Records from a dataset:
⟨
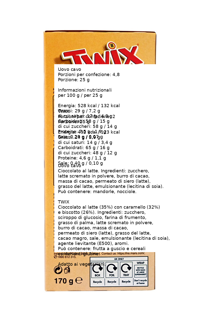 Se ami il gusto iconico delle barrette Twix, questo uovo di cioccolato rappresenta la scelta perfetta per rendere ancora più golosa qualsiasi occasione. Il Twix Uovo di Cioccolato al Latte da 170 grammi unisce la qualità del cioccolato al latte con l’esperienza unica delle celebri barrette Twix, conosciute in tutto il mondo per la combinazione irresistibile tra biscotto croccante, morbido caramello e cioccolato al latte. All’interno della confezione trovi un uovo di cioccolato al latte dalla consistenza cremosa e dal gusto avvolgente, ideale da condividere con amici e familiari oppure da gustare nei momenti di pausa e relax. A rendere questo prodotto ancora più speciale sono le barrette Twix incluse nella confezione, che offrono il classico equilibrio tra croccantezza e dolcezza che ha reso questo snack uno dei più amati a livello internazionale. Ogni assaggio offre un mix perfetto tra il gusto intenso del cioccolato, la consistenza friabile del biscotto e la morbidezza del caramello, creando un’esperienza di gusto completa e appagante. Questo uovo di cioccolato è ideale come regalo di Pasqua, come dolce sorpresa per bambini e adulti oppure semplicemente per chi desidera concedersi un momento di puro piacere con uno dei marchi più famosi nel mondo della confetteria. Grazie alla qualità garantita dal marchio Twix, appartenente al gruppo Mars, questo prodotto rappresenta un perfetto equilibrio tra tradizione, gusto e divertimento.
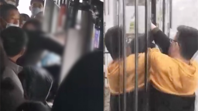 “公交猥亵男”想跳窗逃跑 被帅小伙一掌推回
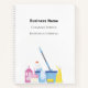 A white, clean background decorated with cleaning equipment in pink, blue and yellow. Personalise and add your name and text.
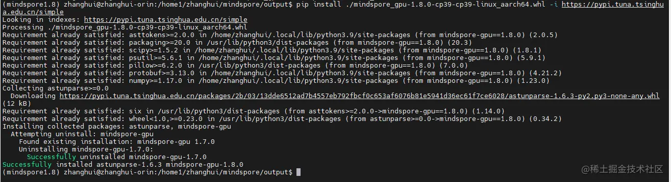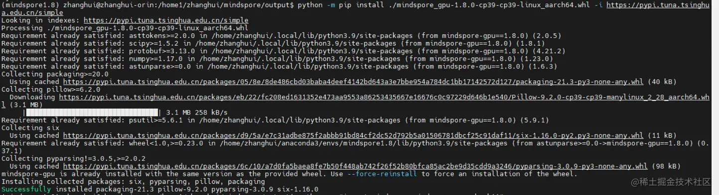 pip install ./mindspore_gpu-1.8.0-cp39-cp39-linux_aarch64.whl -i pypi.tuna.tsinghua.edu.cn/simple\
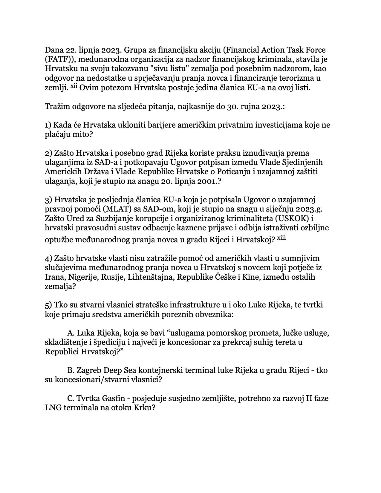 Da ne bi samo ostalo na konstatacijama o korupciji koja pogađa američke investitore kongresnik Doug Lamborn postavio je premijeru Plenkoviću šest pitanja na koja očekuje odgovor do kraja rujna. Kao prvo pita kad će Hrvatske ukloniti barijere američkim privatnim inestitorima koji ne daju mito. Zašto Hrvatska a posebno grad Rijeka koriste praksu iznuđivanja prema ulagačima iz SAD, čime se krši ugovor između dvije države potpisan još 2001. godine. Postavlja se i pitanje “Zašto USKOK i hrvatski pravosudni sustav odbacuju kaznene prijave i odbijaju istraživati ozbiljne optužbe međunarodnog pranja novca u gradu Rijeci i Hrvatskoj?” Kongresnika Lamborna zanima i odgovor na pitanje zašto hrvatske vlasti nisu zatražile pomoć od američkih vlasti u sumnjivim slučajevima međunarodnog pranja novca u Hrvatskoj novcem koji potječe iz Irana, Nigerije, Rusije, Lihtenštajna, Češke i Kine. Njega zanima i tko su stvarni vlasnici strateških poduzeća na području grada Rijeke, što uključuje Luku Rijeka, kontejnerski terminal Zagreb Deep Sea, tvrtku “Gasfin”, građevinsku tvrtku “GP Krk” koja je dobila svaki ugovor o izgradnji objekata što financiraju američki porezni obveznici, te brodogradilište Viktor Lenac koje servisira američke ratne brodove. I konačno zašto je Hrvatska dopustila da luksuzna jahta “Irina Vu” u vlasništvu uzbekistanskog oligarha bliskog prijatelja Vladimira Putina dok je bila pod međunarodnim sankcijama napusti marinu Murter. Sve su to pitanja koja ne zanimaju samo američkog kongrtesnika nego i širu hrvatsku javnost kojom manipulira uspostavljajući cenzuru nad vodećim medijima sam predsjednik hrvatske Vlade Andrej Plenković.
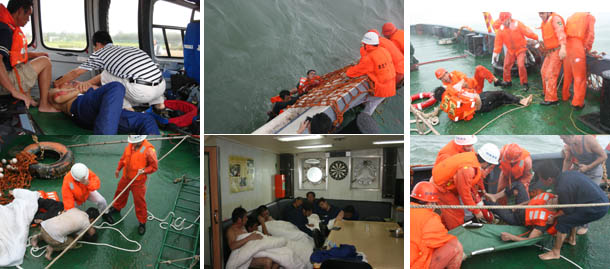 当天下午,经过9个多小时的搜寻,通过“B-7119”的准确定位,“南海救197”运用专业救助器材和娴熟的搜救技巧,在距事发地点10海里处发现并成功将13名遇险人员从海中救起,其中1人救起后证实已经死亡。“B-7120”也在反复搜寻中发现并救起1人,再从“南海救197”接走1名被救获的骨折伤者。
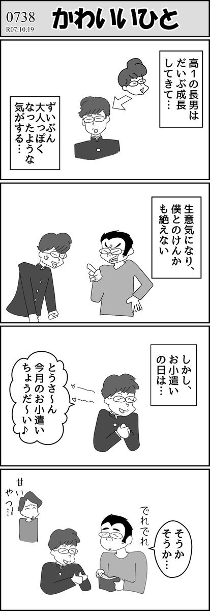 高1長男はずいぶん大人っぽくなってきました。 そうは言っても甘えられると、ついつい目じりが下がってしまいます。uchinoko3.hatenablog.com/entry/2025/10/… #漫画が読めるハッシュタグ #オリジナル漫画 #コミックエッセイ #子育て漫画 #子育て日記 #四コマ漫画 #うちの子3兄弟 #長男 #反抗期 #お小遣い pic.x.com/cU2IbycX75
⟩
WORK REQUIRED: Above are some entries. Restate word for word the lines from the one holding "A white, clean" through the one holding "pip install ./mindspore_gpu-1.8.0-cp39-cp39-linux_aarch64.whl", but not the pictures.

SOLUTION TO THE EXERCISE:
 A white, clean background decorated with cleaning equipment in pink, blue and yellow. Personalise and add your name and text.
 pip install ./mindspore_gpu-1.8.0-cp39-cp39-linux_aarch64.whl -i pypi.tuna.tsinghua.edu.cn/simple\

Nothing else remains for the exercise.